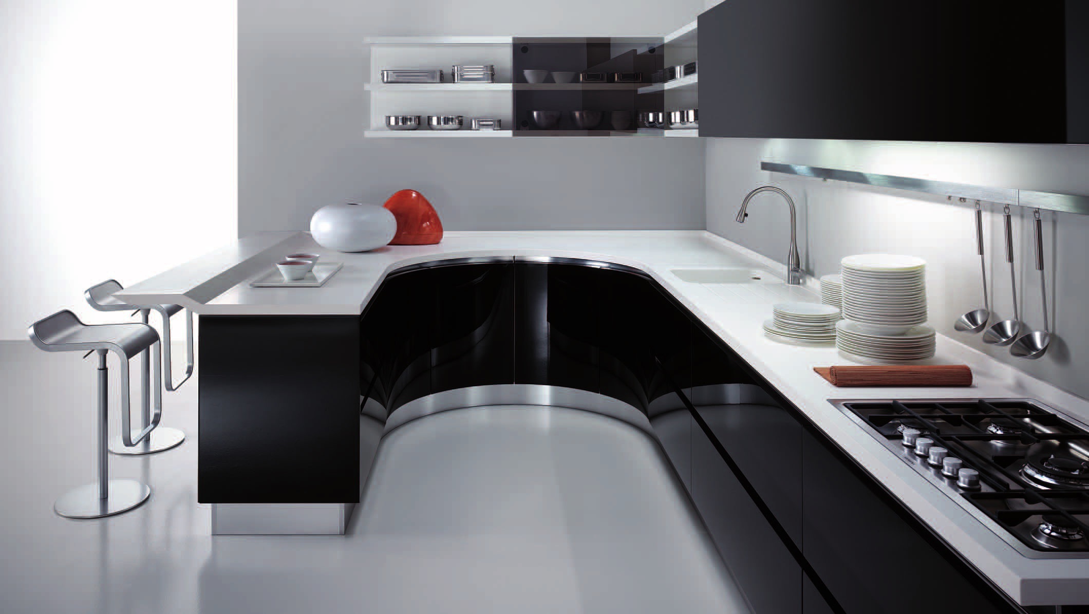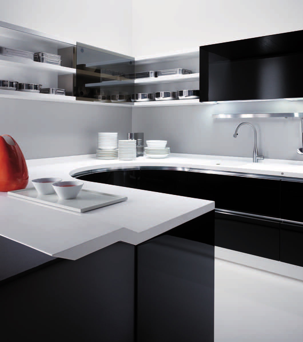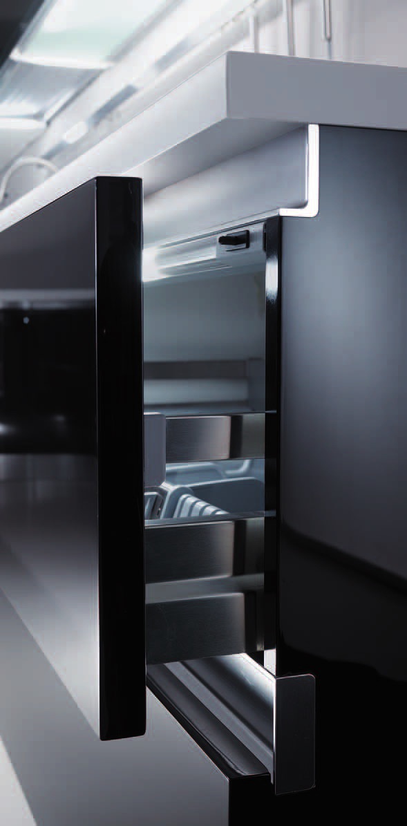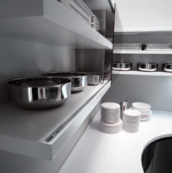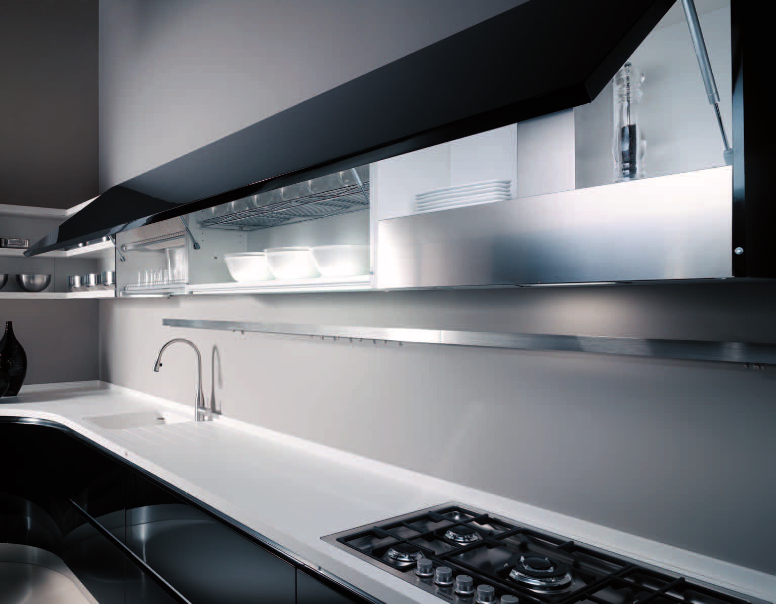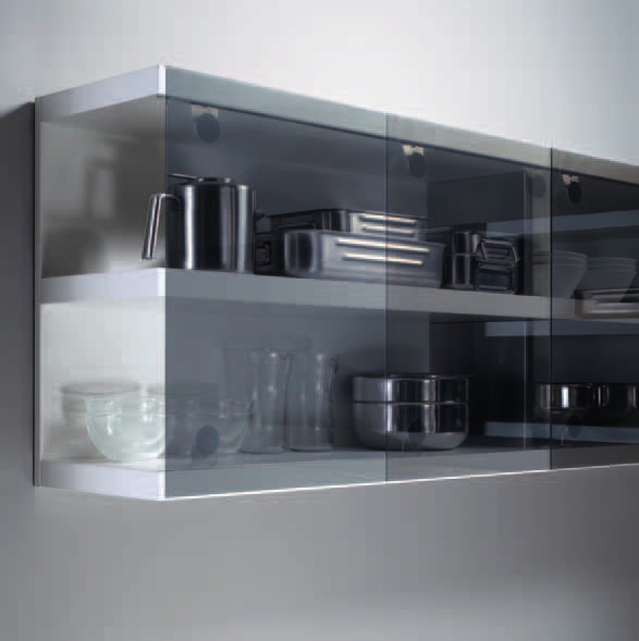 facades: glass accessories: stainless steel frame: MDF countertop: stone frame, facades: lacquered |
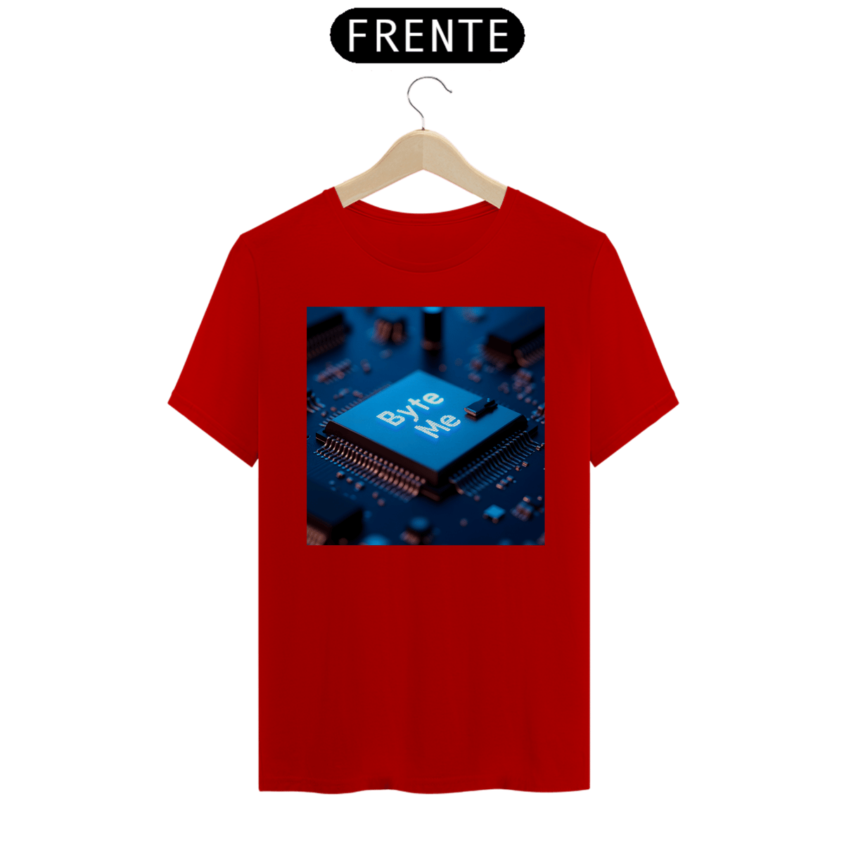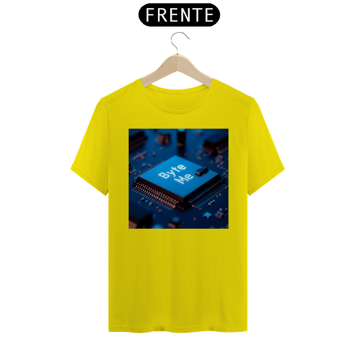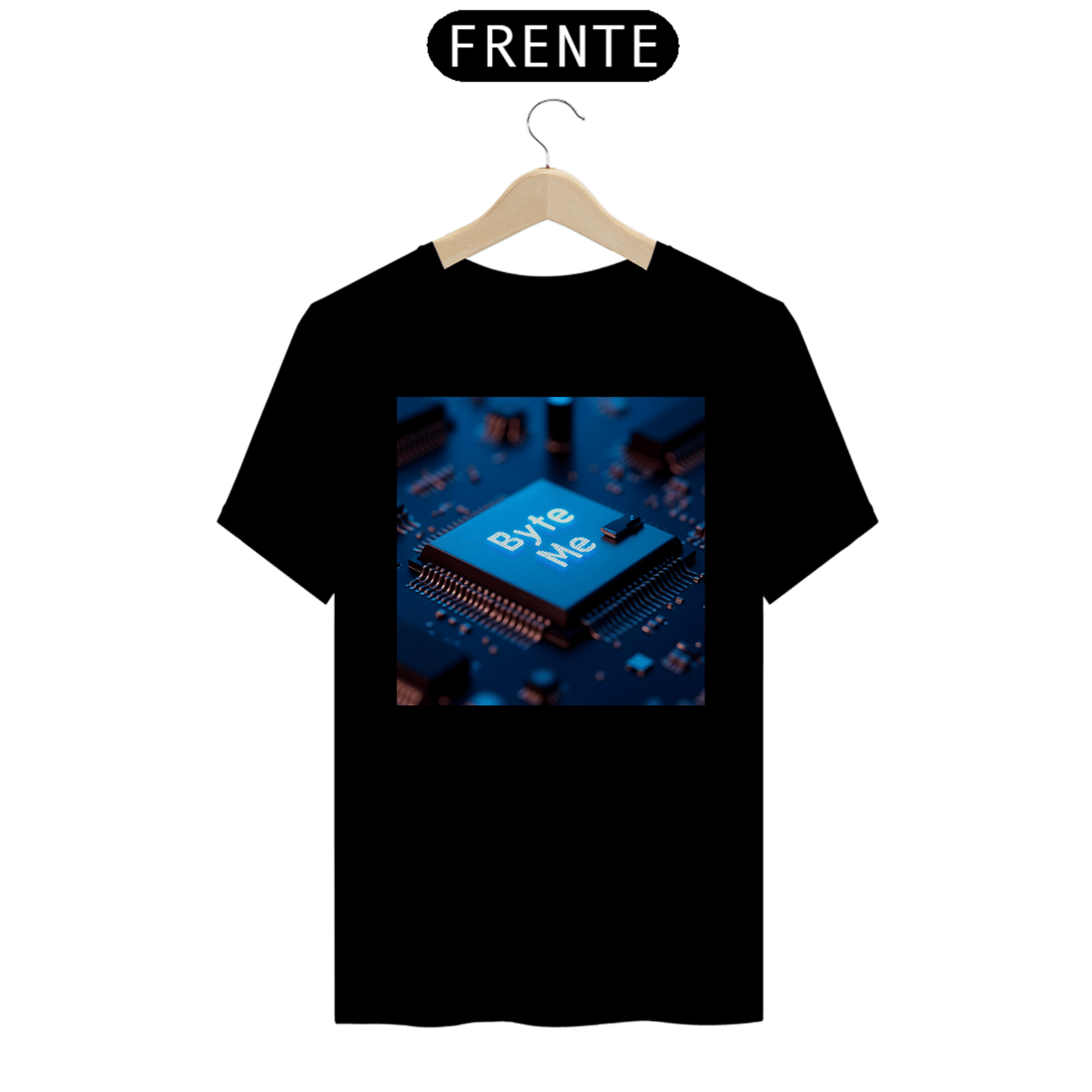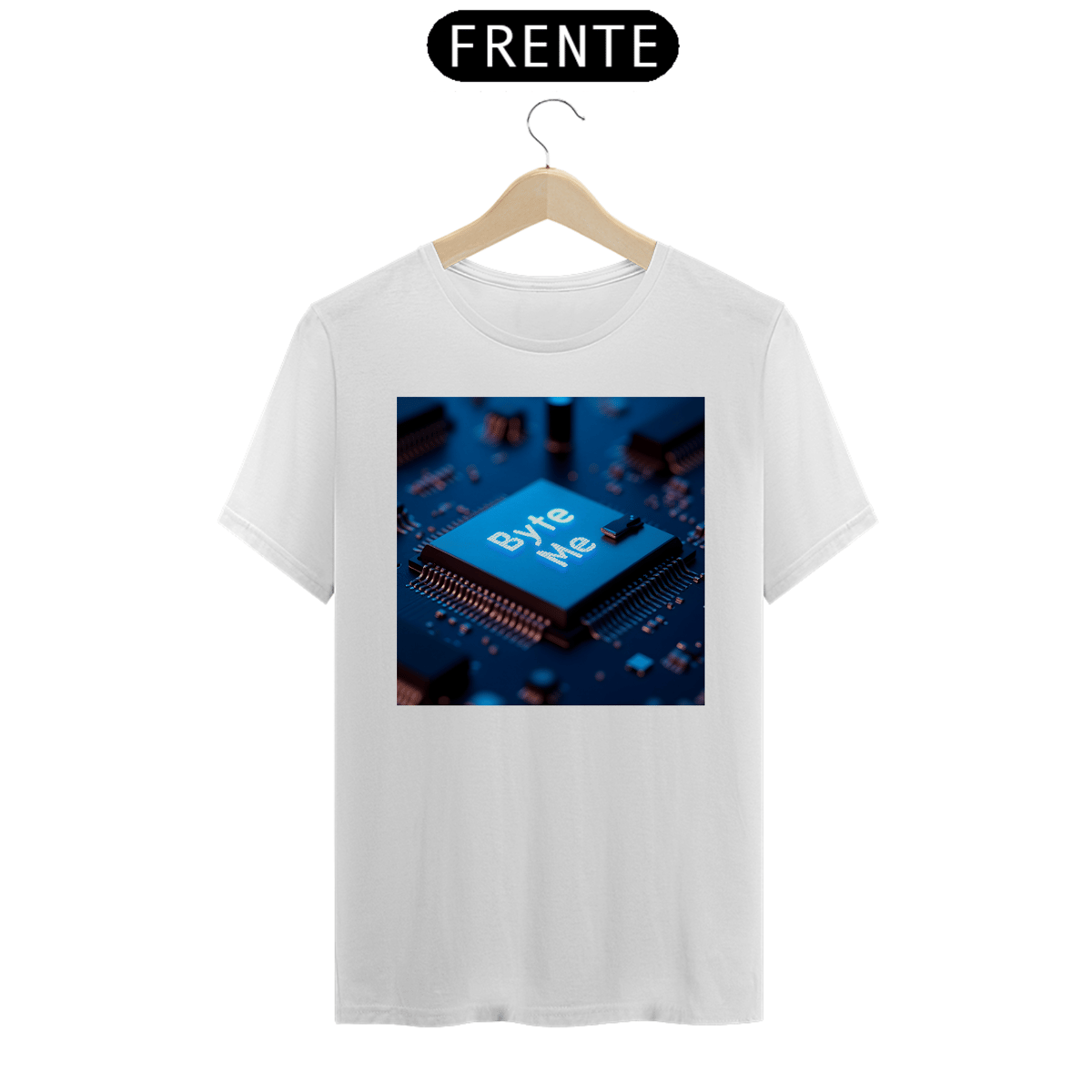 Em fonte pixelada branca, a frase “Byte Me” aparece diretamente sobre o chip, unindo linguagem de programação e um trocadilho afiado, perfeito para quem ama tecnologia, inovação e uma pitada de sarcasmo digital.
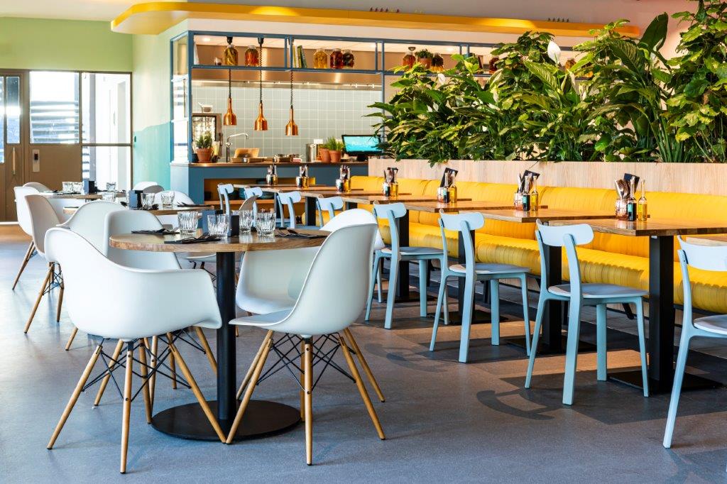 Madame Cyclette zit de begane grond van het onlangs geopende Move Experience Centre. Er zijn 80 zitplekken in het kleurrijke restaurant en er is ook een terras.

▸ **Description of the task**: With the pictures excluded, restate the material exactly as it stands.

▸ **The completed task**:
 facades: glass accessories: stainless steel frame: MDF countertop: stone frame, facades: lacquered |
 Em fonte pixelada branca, a frase “Byte Me” aparece diretamente sobre o chip, unindo linguagem de programação e um trocadilho afiado, perfeito para quem ama tecnologia, inovação e uma pitada de sarcasmo digital.
 Madame Cyclette zit de begane grond van het onlangs geopende Move Experience Centre. Er zijn 80 zitplekken in het kleurrijke restaurant en er is ook een terras.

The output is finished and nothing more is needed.